Les affirmations qui sont de nature à dégrader la femme et l’institution du mariage contrastent avec la perception africaine du rapport de l’homme avec la femme. Comme nous l’avons montré auparavant, dans la culture luba particulièrement, la femme est à la source de la vie et du bonheur aussi bien pour elle-même, pour l’homme que pour toute la communauté de destin. À ce titre, elle jouit pleinement de sa dignité, du respect et de la protection. La vie sexuelle devient ainsi un moment de la rencontre des humanités, de l’assomption de la relation interpersonnelle, de l’harmonie des êtres humains et du bonheur partagé. Étant donné que le destin de l’homme est toujours lié à celui de la femme, la discrimination ou la dégradation de la femme est considérée comme une violation de l’acte même de la création. La femme est l’égal de l’homme en droits et en dignité ; sa dignité est la dignité humaine et non une dignité de second rang. Elle vaut ce que vaut celle de l’homme.

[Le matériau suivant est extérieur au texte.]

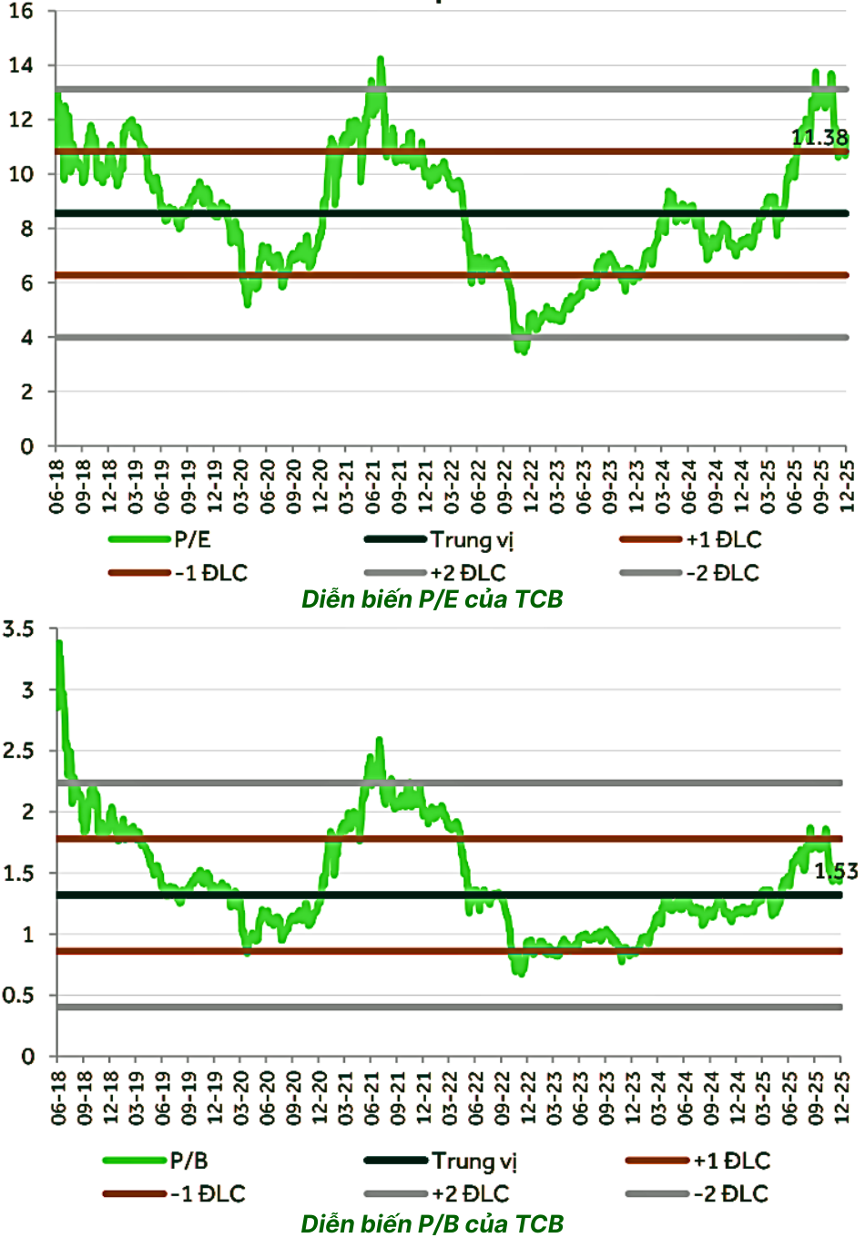 • Cao hơn trung bình ngành (nhiều ngân hàng vẫn giao dịch với P/E dưới 8 lần, P/B dưới 1,2 lần)
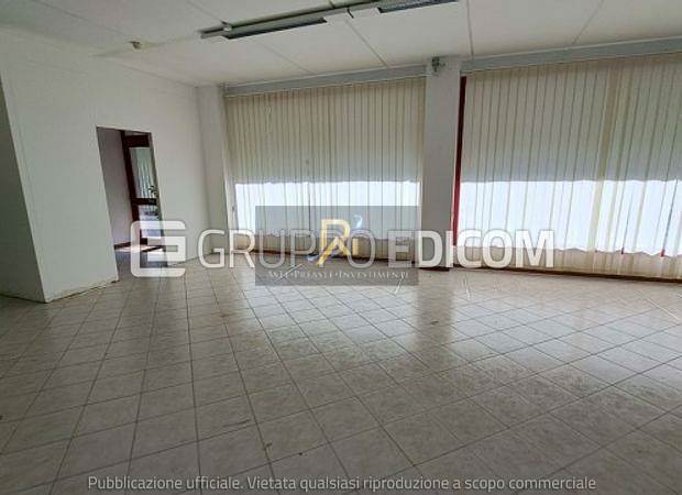 Immobile del tipo commerciale direzionale su due livelli fuori terra. Dal punto di vista strutturale pare che il fabbricato sia costituito da due corpi di fabbrica, uno di vecchio impianto e un corpo in ampliamento. Dal magazzino si accede da un vano con due livelli sfalsati destinato a deposito/autorimessa.

b) La dot comme gage d’alliance

Les Luba considèrent la dot non seulement comme un gage d’alliance, mais également comme un moment de la reconnaissance de la fonction créatrice de la femme et du dynamisme relationnel engendré par ce lien affectif entre elle et son partenaire égal à elle. Dans cette culture, la dot est d’une part, un geste symbolique de reconnaissance posé par le jeune homme

et les membres de sa famille à l’endroit de la famille de sa fiancée et, d’autre part, elle est un gage d’alliance entre les deux familles. Ensemble, les deux familles forment une communauté de vie et de destin, et en faisant ainsi elles participent et partagent le bonheur des jeunes unis dans l’amour et l’affectivité pour toujours. Loin d’être une sorte de prix d’achat de l’épouse, comme pour « Tshintufier » la femme, c’est-à-dire rendre la femme comme une chose qu’on achète, la dot offerte et acceptée de bonne foi constitue la prise de possession juridique de la fécondité de l’épouse au profit du clan de son époux, c’est-à-dire une appropriation de la source de vie et de bonheur que porte toujours en elle la jeune femme. En fait, l’enjeu de la dot ne consiste pas à se faire de la fortune comme dans un trafic ou dans un commerce de marchandises, mais à créer une alliance durable entre les familles et de permettre la transmission de la vie et du bonheur. À ce propos Yezi affirme :

Lors de la donation de la dot, il se scelle une alliance dont l’enjeu et le fruit escomptés sont une question de vie à transmettre et une relation communautaire à (r) établir plus que des richesses à augmenter ou de deux conjoints à unir en société privée et solipsiste, fermée sur elle-même. Par la dot, l’homme et la femme se sentent ainsi reconnus comme deux êtres égaux en dignité et en droits, et forment une sorte de cellule de vie et de bonheur88.

De ce fait, ils sont désormais adultes et coresponsables pour transmettre la vie aux autres, aussi abondante que possible. En bref, ce qui reste important à souligner ici, c’est l’attention et l’assistance que toute la communauté de destin offre à la femme comme des véritables garanties, comme des meilleures possibilités d’épanouissement et de promotion d’une vie totalement heureuse et digne de son nom. Elle lui permet de jouir réellement de son bonheur, de sa dignité et de ses droits.